Task details:
What you give back from the listing below should be an exact copy of the lines from the one with "Sałatka z pietruszki, pomidorów, cebuli" down to the one with "Urząd Gminy i", and it should contain no pictures.
********************
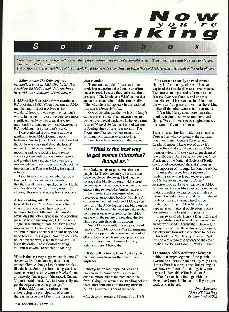N J C Ta Ikiri g construe Editors note following originally letter AMA District XI Vice President Ed McCollough reprinted permission both parties HAVE BEEN active AMA member RC pilot since 1982 became AMA member first got involved wonderful hobby very much mans world past 14 years women have made significant headway areas traditionally dominated men However RC modeling still mans world contacted several weeks ago gentlemen AMA [former Public Relations Director] Tom Clark told AMA concemed about lack women well minorities involved modeling looking ways encourage participation surprised gratified special effort being made address issues although got impression Tom looking quick solution told him uphill battle least far women concerned really no quick easy fix did seem too encouraged response although honest opinion After speaking Tom took ahard look latest Model Aviation After 14 years must confess have become hardened subtle not-so-subtle sexist digs often appear modeling press Much surprise did see single ad featuring buxom beauties great improvement also noted Soaring column pictures fliers just happened female great Soaring seems leading way since March 96 issue entire Radio Control Soaring column devoted women Soaring What best way get women interested Accept us Dont make big deal out women fliers Although think some articles like latest Soaring column great better just show women involvednot novelty part crowd Deanna Vignolini said best just want fly get respect other pilots get AMA really serious about encouraging participation women issue feel must bring attention couple features modeling magazines make effort never read because raise blood pressure Modelers Wife appears some other publication Sadly Microhenrys appears national magazine Model Aviation principal themes Mr Henrys cartoons conflict between men women over model airplanes very same issue Model Aviation featured women Soaring three seven cartoons Microhenrys depict women assaulting belittling partners over modeling mentioned concerns area What best way get women interested Accept us Mr Clark response some people like Microhenrys Im sure some people However feel message Mr Henry sends large percentage cartoons no way encouraging would-be female modelers concerned received unsolicited book Mr Henrys cartoons mail AMA logo front AMA logo blurb AMA front book give reader impression true AIVIA agrees picture modeling Mr Henry presents through cartoons Since have recently made practice ignoring Microhenrys magazine took opportunity review book 600 cartoons see perception feature sexist offensive statistical basis found 600 cartoons 45 75% depicted men women conflict over model airplanes Ninety-six 16% depicted men women common us vs configuration men front flying women standing behind both sides making snide belittling comments about other Much surprise found 11 18% cartoons actually showed women flying Unfortunately 11 seven depicted female pilot love interest Two made pointed reference fact flyer female outright sexual harassment woman flying shown short skirt unlike other women cartoons fear Mr Henry does harm good trying show women involved flying dont want singled out just want fly airplanes am raving feminist am active Pattern flier competes national level am Contest Director Leader Member have served club officer six 14 years AMA memberfour years president two different clubs currently serve Vice President National Society Radio Controlled Aerobatics district 8 am avid supporter organization AMA am embarrassed picture modeling today painted month Mr Henry pages Model Aviation believe AMA officers Leader Members can say making effort change attitudes women toward modeling attitudes modelers towards women involved modeling long Microhenrys appears national publication Such contention height hypocrisy Jam aware Mr Henrys long history contributions model aviation Academy Model Aeronautics However very evident self-serving arrogant offensive forward chose include book Mr Henry just doesnt get AMA logo appears cover implies AIvIA doesnt get either encourage AMAs efforts bring hobby larger segment population would honored help way can effort serious long show two faces modeling can anyone believe effort sincere Feel free share feelings Executive Council Thanks great work behalf Joan Anastasio 15618NE56th Way Redmond WA 98052 54 Model Aviation io rtpublicat expresset mode vailable aff the
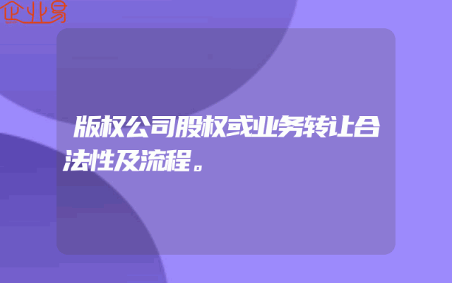 - 版权公司股权或业务转让合法性及流程解析一、引言在当前经济全球化的大背景下,知识产权的重要性日益凸显。版权公司作为知识产权领域的重要参与者,其股权或业务转让涉及到多方面的法律问题。本文将重点探讨版权公司股权或业务转让的合法性及具体流程。二、股
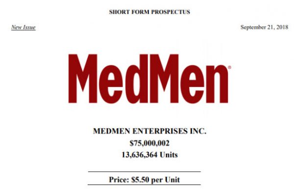 LOS ANGELES, Sept. 22, 2018 (GLOBE NEWSWIRE) — MedMen Enterprises Inc. (“MedMen” or the “Company”) (CSE: MMEN) (OTCQB: MMNFF) (FSE: A2JM6N) is pleased to announce that it has filed and obtained a receipt for its final short form prospectus (the “Prospectus”) in connection with its previously-announced C$75,000,000 bought deal financing (the “Offering”) led by Eight Capital and Cormark Securities Inc., as co-lead underwriters, and including GMP Securities L.P. (collectively, the “Underwriters”), involving an offering (the “Offering”) of 13,636,364 units (the “Units”) at a price of C$5.50 per Unit (the “Issue Price”) for gross proceeds of approximately C$75,000,000. Each Unit consists of one Class B Subordinate Voting Share in the capital of the Company (each, a “Unit Share”) and one-half of one share purchase warrant of the Company (each whole share purchase warrant, a “Warrant”). Each Warrant will entitle the holder thereof to acquire, subject to adjustment in certain circumstances, one Class B Subordinate Voting Share in the capital of the Company at an exercise price of C$6.87 for a period of 36 months following the Closing Date (as defined herein). The Company has also granted to the Underwriters an option (the “Over-Allotment Option”) exercisable for 30 days after the Closing Date to purchase up to an additional 2,045,454 Units (or components of the Units), which, if exercised in full, would result in additional gross proceeds to the Company of C$11,250,000. The net proceeds from the Offering will be used for expansion of the Company’s retail network, development of cultivation and production facilities, to fund operating cash flow and for general corporate and other working capital purposes. The Offering is expected to close on or about September 27, 2018 (the “Closing Date”) and is subject to certain conditions.
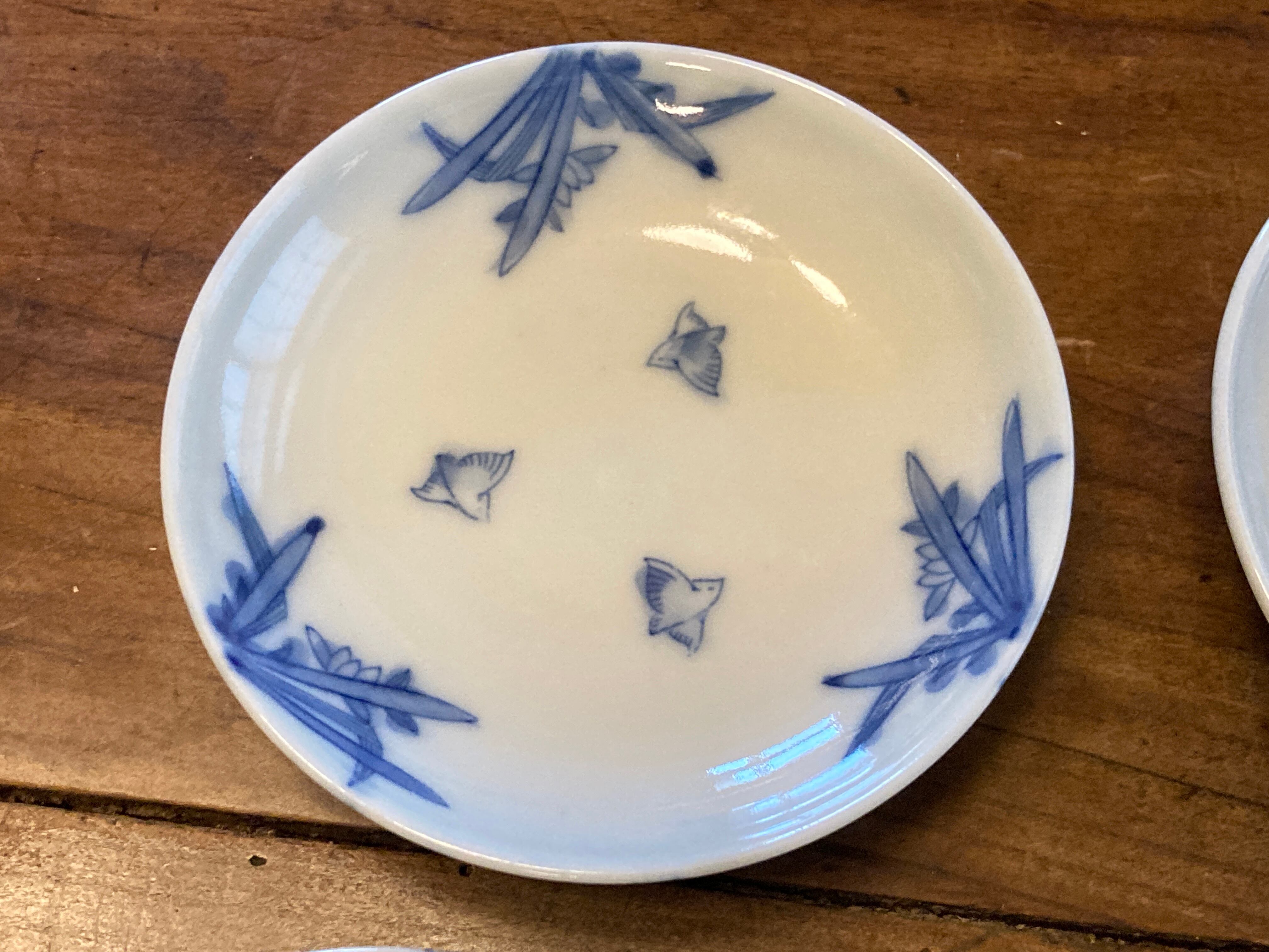 表にも裏にも藍色で丁寧に絵付けをされた、愛らしい小皿です。小鳥が3羽飛んでいます。微妙に異なる絵付けで全て手描きされたものと思われます。すっきりした白地に藍色の配色は、洋食器に合わせても違和感がありません。コレクションの一つに是非いかがですか?
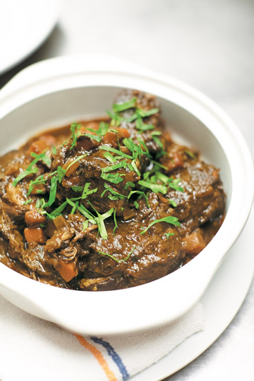 An authentic taste of Italy: Braised short ribs of beef from the butcher at Tarry Market are slow-cooked with a hearty Barolo wine.
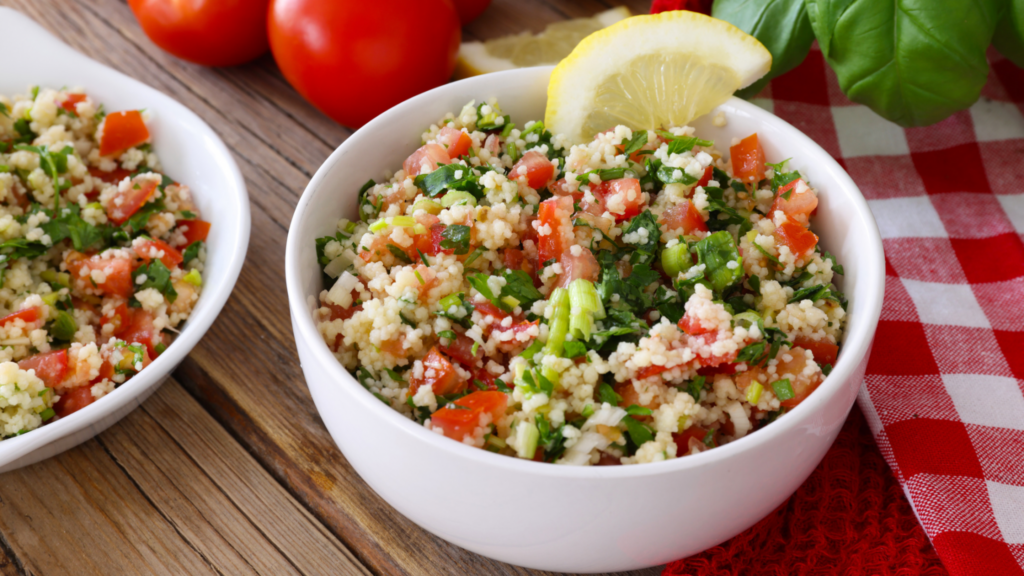 Sałatka z pietruszki, pomidorów, cebuli oraz bulguru (gotowanej pszenicy), wszystko doprawione sokiem z cytryny i oliwą z oliwek. Tabbouleh jest lekkie i orzeźwiające, idealne na gorące dni.
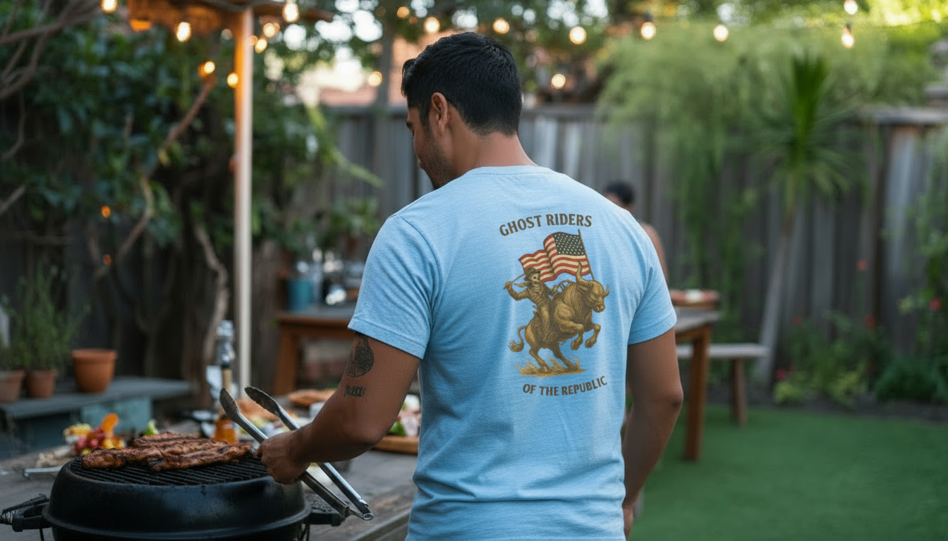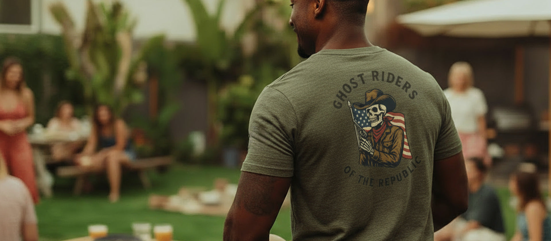 Ghost Riders of the Republic Cowboy Skeleton T-Shirt – Patriotic Western Graphic Tee
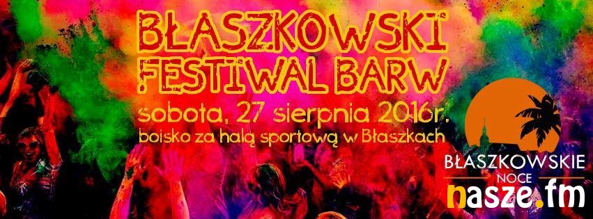 Urząd Gminy i Miasta Błaszki oraz Hufiec Sieradz - 44. Błaszkowska Drużyna Harcerska ,,Parasol'' zapraszają na Błaszkowski Festiwal Barw. Znana wszystkim i popularna bitwa kolorowym proszkiem zawita do Błaszek.
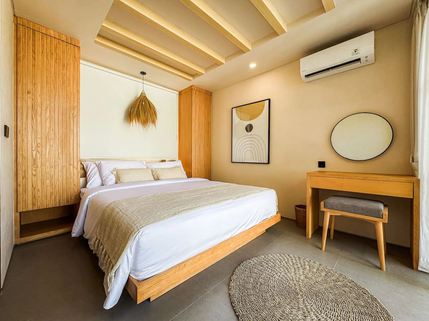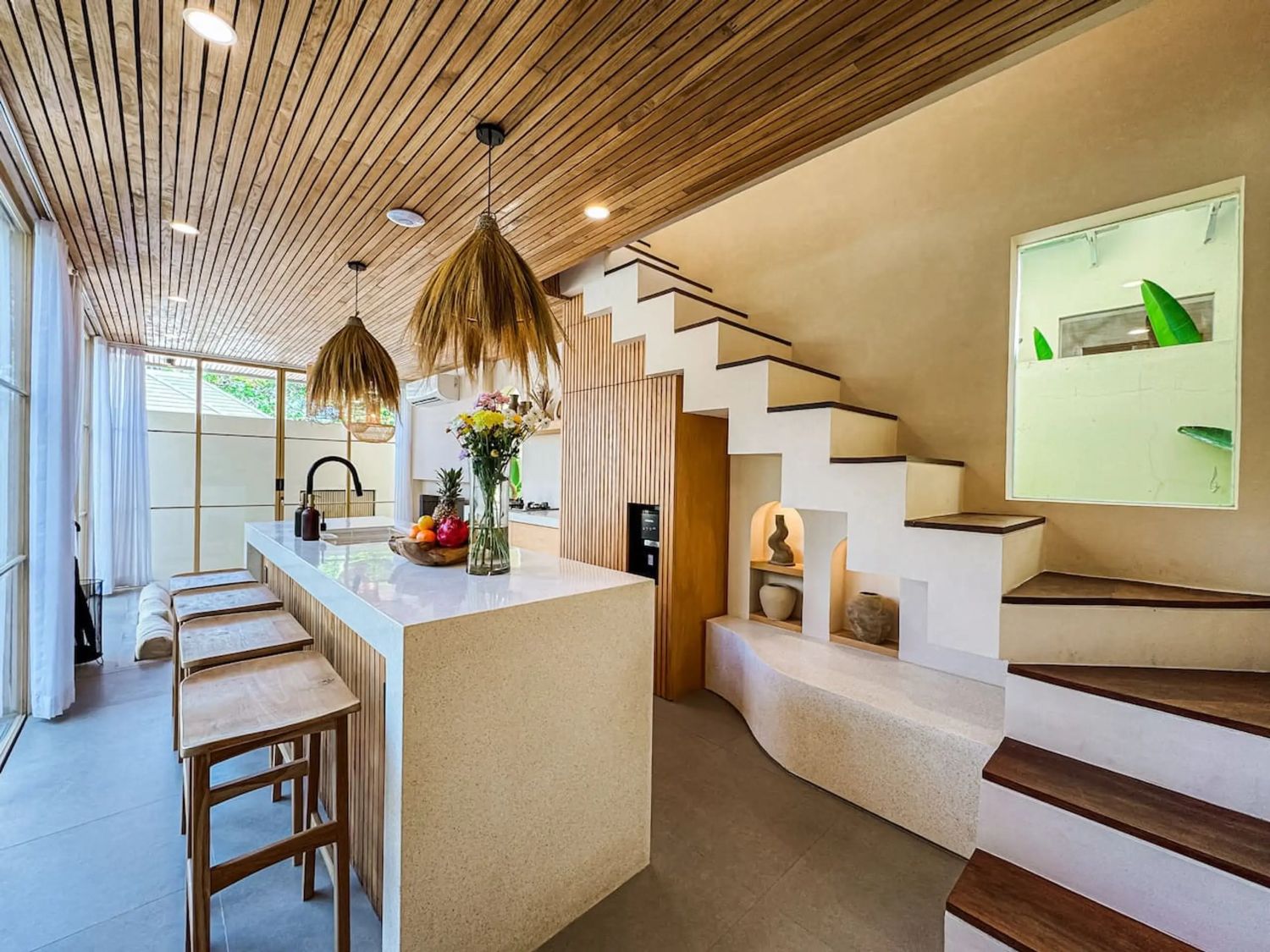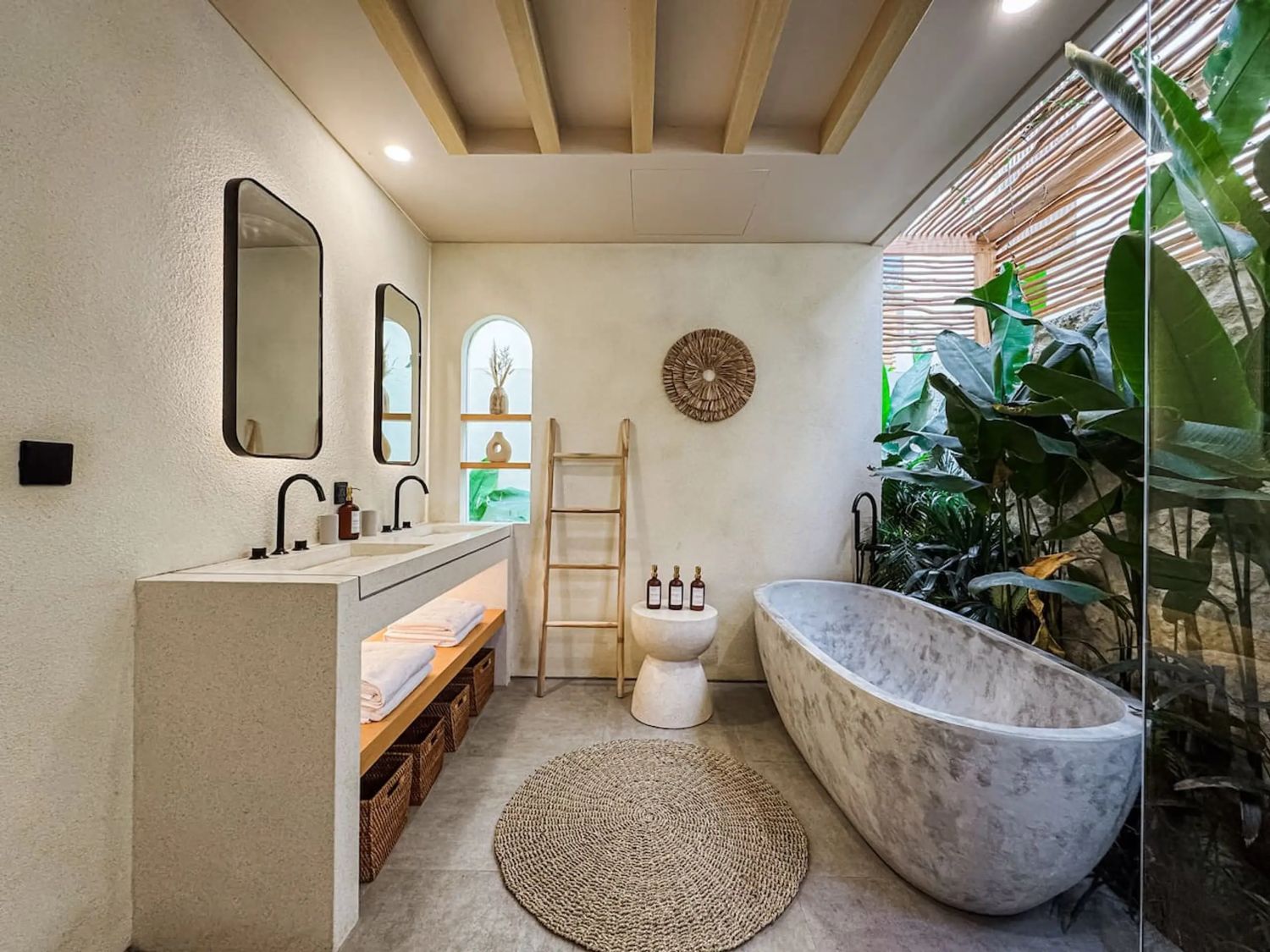 This private tropical escape in this spacious 3-bedroom villa, designed to blend modern comfort with island charm—perfect for families, groups, or friends seeking the ultimate Bali getaway. The villa features three comfortable bedrooms, including one with a private balcony, and a main bathroom with a unique open-air design and bathtub surrounded by nature. At the heart of the property is a private pool set within a lush garden, while the living area offers a cozy sunken sofa and TV lounge for relaxing after a day out. A fully equipped kitchen allows for easy meal preparation, and the rooftop chill-out space provides stunning sea views—ideal for sunset drinks, morning yoga, or stargazing. With its bright tropical design that seamlessly connects indoor and outdoor living, and its convenient location near Uluwatu’s famous surf spots, beaches, cafes, and beach clubs, this villa offers both tranquility and easy access to everything you need for a perfect stay in Bali.
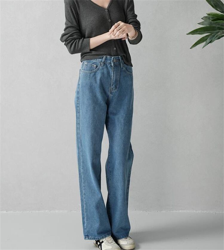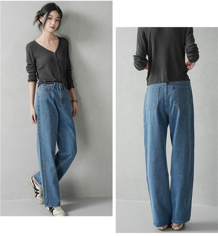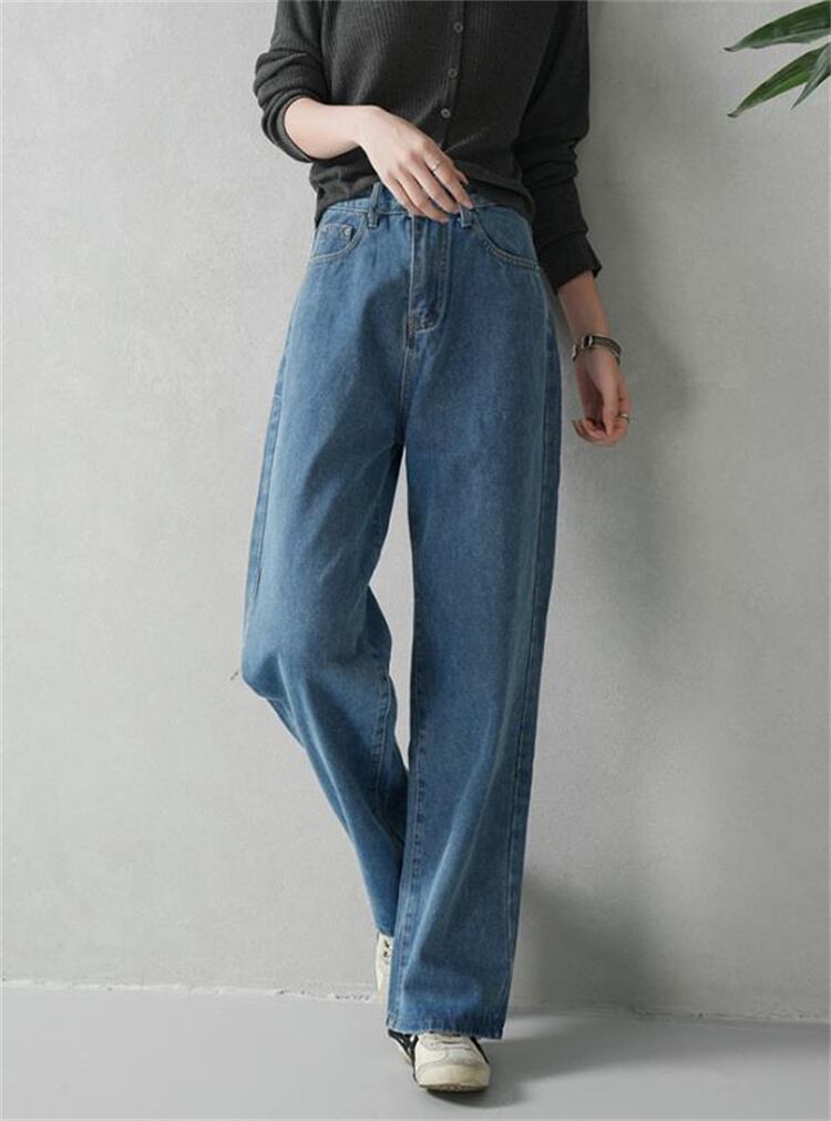 ハイウエストストレートジーンズ 2025秋冬モデル ロング リラックスカジュアル
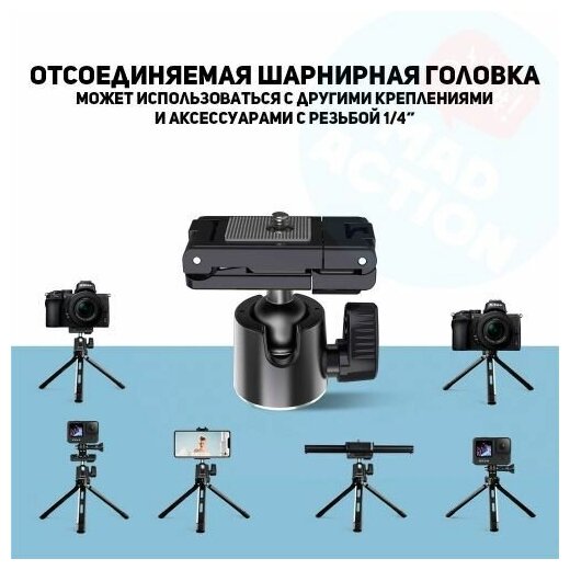 Металлический штатив Telesin с шарнирной головкой (27-150 мм) интересное:
********************
Response below:
 Sałatka z pietruszki, pomidorów, cebuli oraz bulguru (gotowanej pszenicy), wszystko doprawione sokiem z cytryny i oliwą z oliwek. Tabbouleh jest lekkie i orzeźwiające, idealne na gorące dni.
 Ghost Riders of the Republic Cowboy Skeleton T-Shirt – Patriotic Western Graphic Tee
 Urząd Gminy i Miasta Błaszki oraz Hufiec Sieradz - 44. Błaszkowska Drużyna Harcerska ,,Parasol'' zapraszają na Błaszkowski Festiwal Barw. Znana wszystkim i popularna bitwa kolorowym proszkiem zawita do Błaszek.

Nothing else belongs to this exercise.